Task goal
Quote the records that follow in full and exactly; leave out the pictures.

Available data START

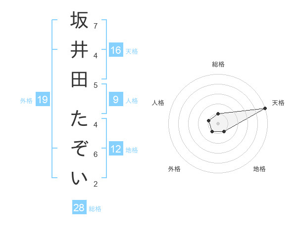 坂井田 たぞいさんの天格は16画の5点!
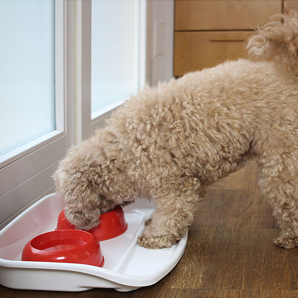 Grande ordine e pulizia con il vassoio Lindo completo di ciotole in plastica per cani e gatti!
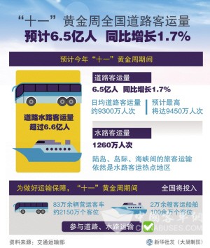 2016“十一”黄金周全国道路客运量将达6.5亿人
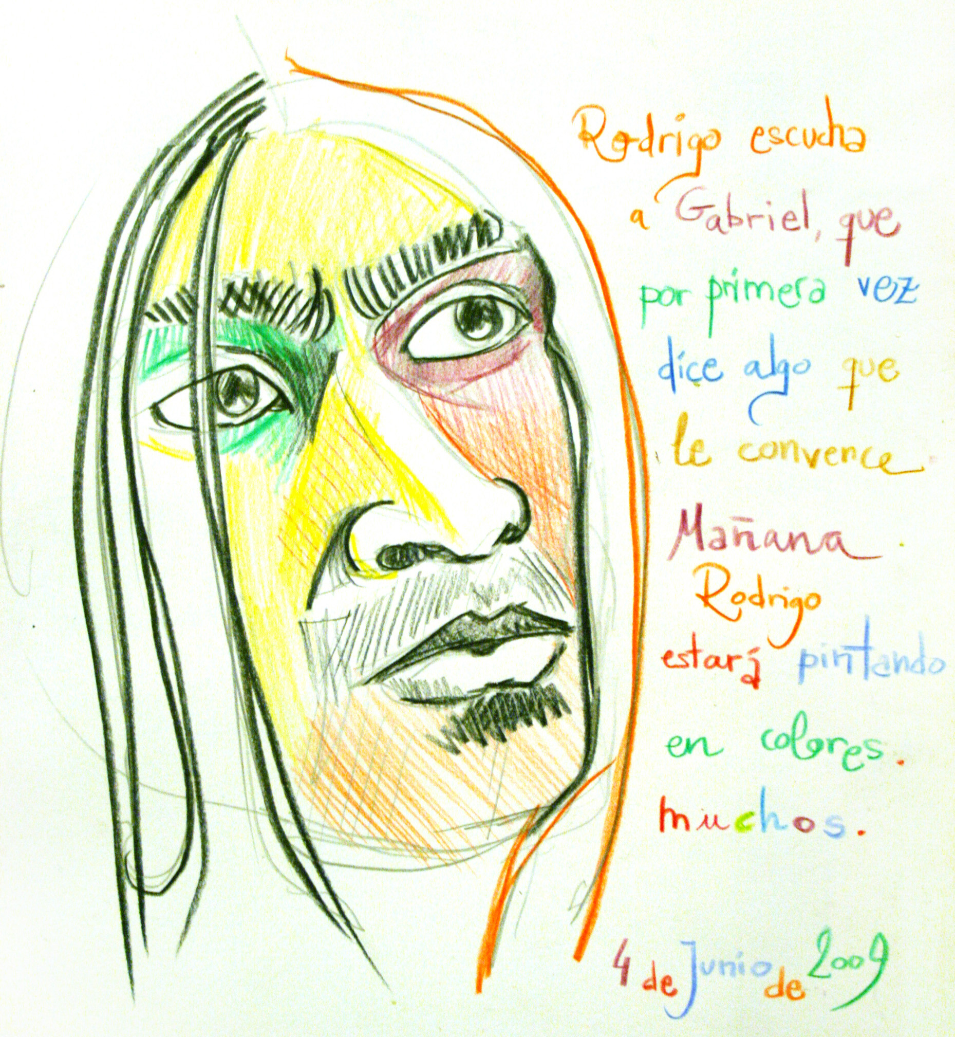 Y Rodrigo quedó parcialmente satisfecho con la explicación. Mientras tanto, yo hice uso de mis lápices de colores para retratarle.
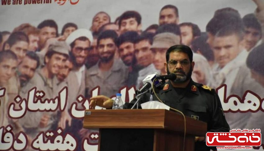 فرمانده سپاه ثارالله استان کرمان اظهار داشت: باید به نسل جوان بگویید، بنویسید و واقعیت را عنوان کنید که دشمنان هر چی داشتند بر سر ما ریختند و اما ما یک سانت خاک خود را ندادیم؛ اینکه ناموس خود را حفظ کردیم افتخار می کنیم؛ دامان تاریخ ایران اسلامی پاک است باید این مسائل را بازگو کنیم.
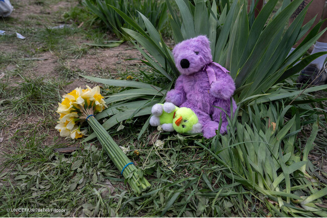 ミサイル攻撃の現場近くに供えられた花束とぬいぐるみ。早朝の住宅街への攻撃により、子ども3人を含む12人が死亡した(ウクライナ、2025年4月24日撮影) (C) UNICEF/UNI784748/Filippov
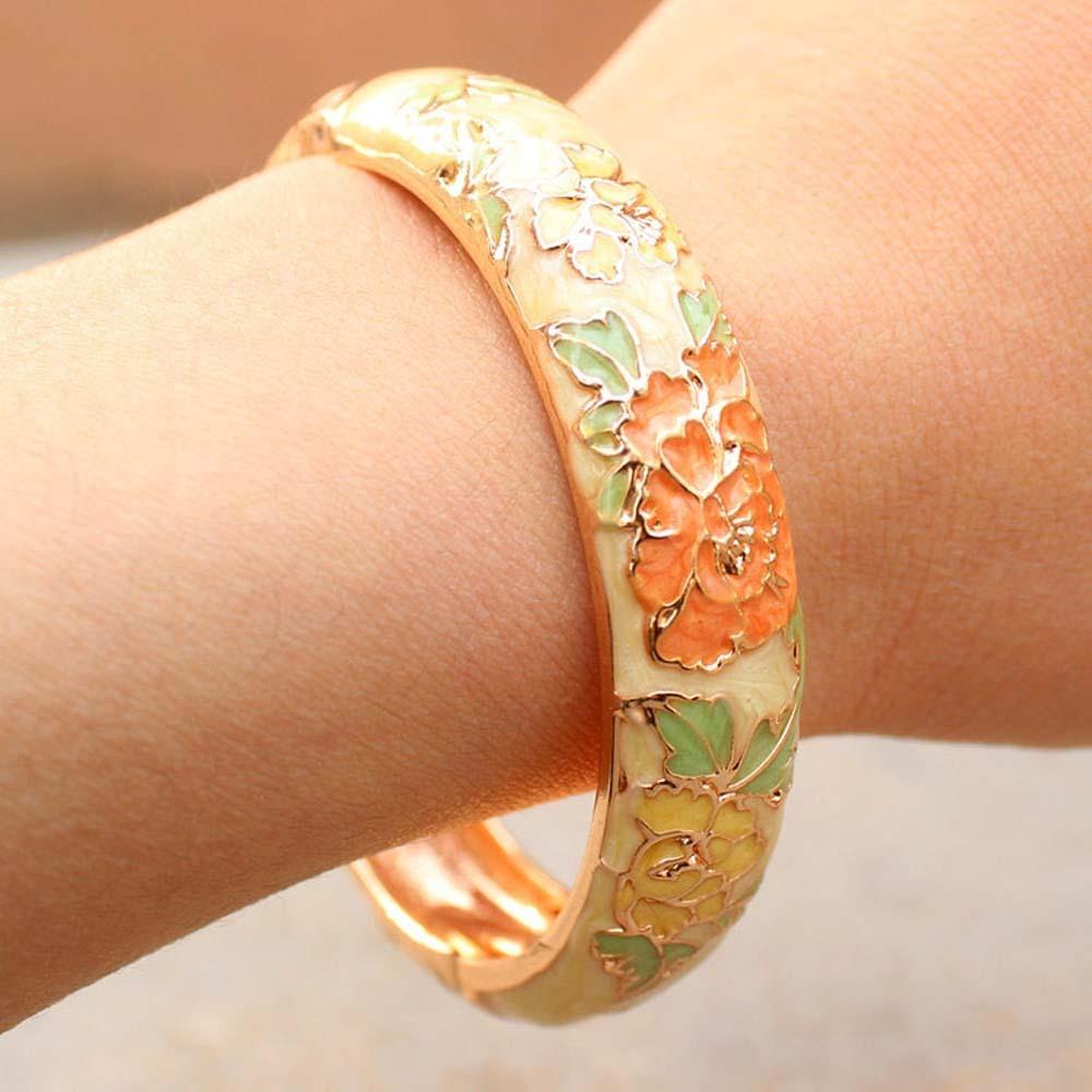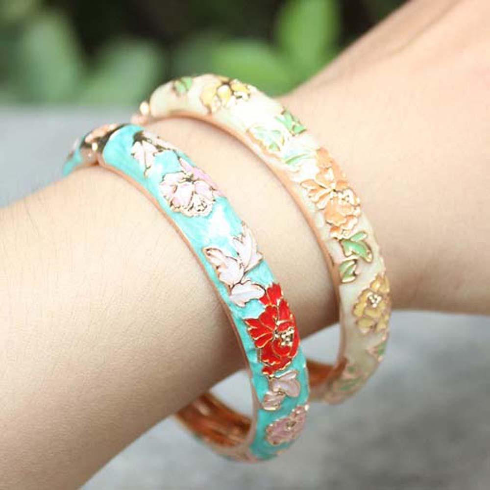 Hanfu Accessories Filigree Enamel Bangle Cheongsam accessories Hollow Out Peony Bracelet Girls

Available data END

Output below
 坂井田 たぞいさんの天格は16画の5点!
 Grande ordine e pulizia con il vassoio Lindo completo di ciotole in plastica per cani e gatti!
 2016“十一”黄金周全国道路客运量将达6.5亿人
 Y Rodrigo quedó parcialmente satisfecho con la explicación. Mientras tanto, yo hice uso de mis lápices de colores para retratarle.
 فرمانده سپاه ثارالله استان کرمان اظهار داشت: باید به نسل جوان بگویید، بنویسید و واقعیت را عنوان کنید که دشمنان هر چی داشتند بر سر ما ریختند و اما ما یک سانت خاک خود را ندادیم؛ اینکه ناموس خود را حفظ کردیم افتخار می کنیم؛ دامان تاریخ ایران اسلامی پاک است باید این مسائل را بازگو کنیم.
 ミサイル攻撃の現場近くに供えられた花束とぬいぐるみ。早朝の住宅街への攻撃により、子ども3人を含む12人が死亡した(ウクライナ、2025年4月24日撮影) (C) UNICEF/UNI784748/Filippov
 Hanfu Accessories Filigree Enamel Bangle Cheongsam accessories Hollow Out Peony Bracelet Girls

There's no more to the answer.